*** Opening Records supplied ***

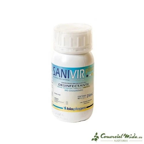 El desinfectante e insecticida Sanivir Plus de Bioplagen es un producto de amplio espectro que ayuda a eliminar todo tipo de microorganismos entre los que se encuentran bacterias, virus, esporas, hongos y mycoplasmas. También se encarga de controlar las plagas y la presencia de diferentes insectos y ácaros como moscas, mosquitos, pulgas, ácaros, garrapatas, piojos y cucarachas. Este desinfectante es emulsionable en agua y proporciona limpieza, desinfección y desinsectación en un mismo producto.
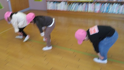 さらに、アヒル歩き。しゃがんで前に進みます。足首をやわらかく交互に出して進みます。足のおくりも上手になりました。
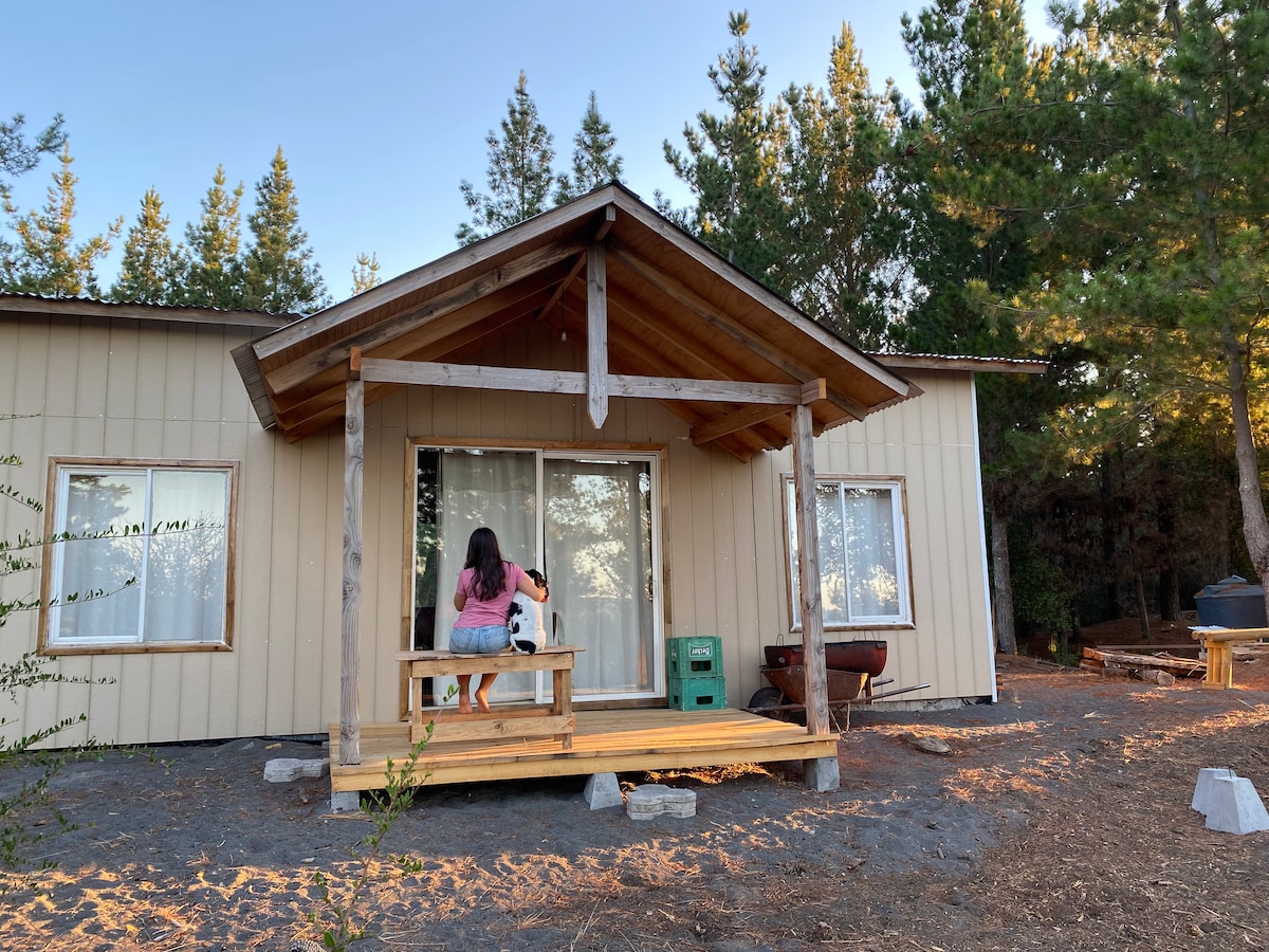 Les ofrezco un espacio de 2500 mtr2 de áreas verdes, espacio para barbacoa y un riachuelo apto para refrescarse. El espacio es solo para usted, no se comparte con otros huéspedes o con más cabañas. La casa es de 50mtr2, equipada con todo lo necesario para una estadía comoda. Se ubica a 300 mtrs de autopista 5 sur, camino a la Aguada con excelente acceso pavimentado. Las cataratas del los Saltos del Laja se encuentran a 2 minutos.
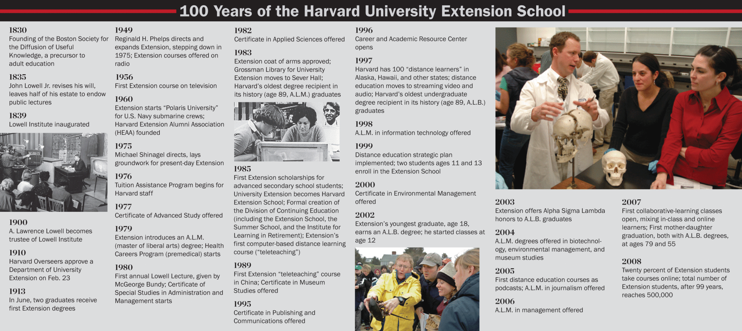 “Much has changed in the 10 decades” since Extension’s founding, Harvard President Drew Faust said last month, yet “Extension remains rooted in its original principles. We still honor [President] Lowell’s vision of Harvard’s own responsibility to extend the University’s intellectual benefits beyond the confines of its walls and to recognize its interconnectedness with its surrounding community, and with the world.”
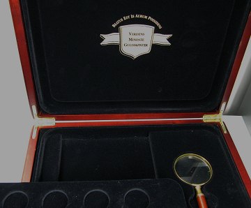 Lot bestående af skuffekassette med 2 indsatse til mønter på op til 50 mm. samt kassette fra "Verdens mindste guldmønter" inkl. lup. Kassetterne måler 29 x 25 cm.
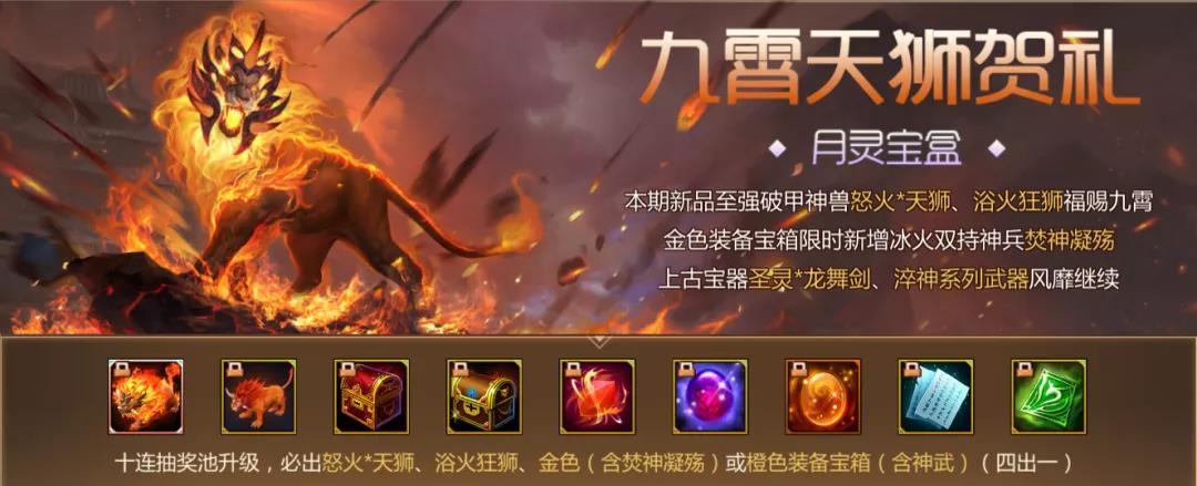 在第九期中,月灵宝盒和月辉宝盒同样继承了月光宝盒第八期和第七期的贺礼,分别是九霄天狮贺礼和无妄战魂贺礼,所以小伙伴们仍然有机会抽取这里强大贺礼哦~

*** Closing Records supplied ***

Aim of the task:
The output must match the records word for word, except that no pictures appear.

Response for this exercise:
 El desinfectante e insecticida Sanivir Plus de Bioplagen es un producto de amplio espectro que ayuda a eliminar todo tipo de microorganismos entre los que se encuentran bacterias, virus, esporas, hongos y mycoplasmas. También se encarga de controlar las plagas y la presencia de diferentes insectos y ácaros como moscas, mosquitos, pulgas, ácaros, garrapatas, piojos y cucarachas. Este desinfectante es emulsionable en agua y proporciona limpieza, desinfección y desinsectación en un mismo producto.
 さらに、アヒル歩き。しゃがんで前に進みます。足首をやわらかく交互に出して進みます。足のおくりも上手になりました。
 Les ofrezco un espacio de 2500 mtr2 de áreas verdes, espacio para barbacoa y un riachuelo apto para refrescarse. El espacio es solo para usted, no se comparte con otros huéspedes o con más cabañas. La casa es de 50mtr2, equipada con todo lo necesario para una estadía comoda. Se ubica a 300 mtrs de autopista 5 sur, camino a la Aguada con excelente acceso pavimentado. Las cataratas del los Saltos del Laja se encuentran a 2 minutos.
 “Much has changed in the 10 decades” since Extension’s founding, Harvard President Drew Faust said last month, yet “Extension remains rooted in its original principles. We still honor [President] Lowell’s vision of Harvard’s own responsibility to extend the University’s intellectual benefits beyond the confines of its walls and to recognize its interconnectedness with its surrounding community, and with the world.”
 Lot bestående af skuffekassette med 2 indsatse til mønter på op til 50 mm. samt kassette fra "Verdens mindste guldmønter" inkl. lup. Kassetterne måler 29 x 25 cm.
 在第九期中,月灵宝盒和月辉宝盒同样继承了月光宝盒第八期和第七期的贺礼,分别是九霄天狮贺礼和无妄战魂贺礼,所以小伙伴们仍然有机会抽取这里强大贺礼哦~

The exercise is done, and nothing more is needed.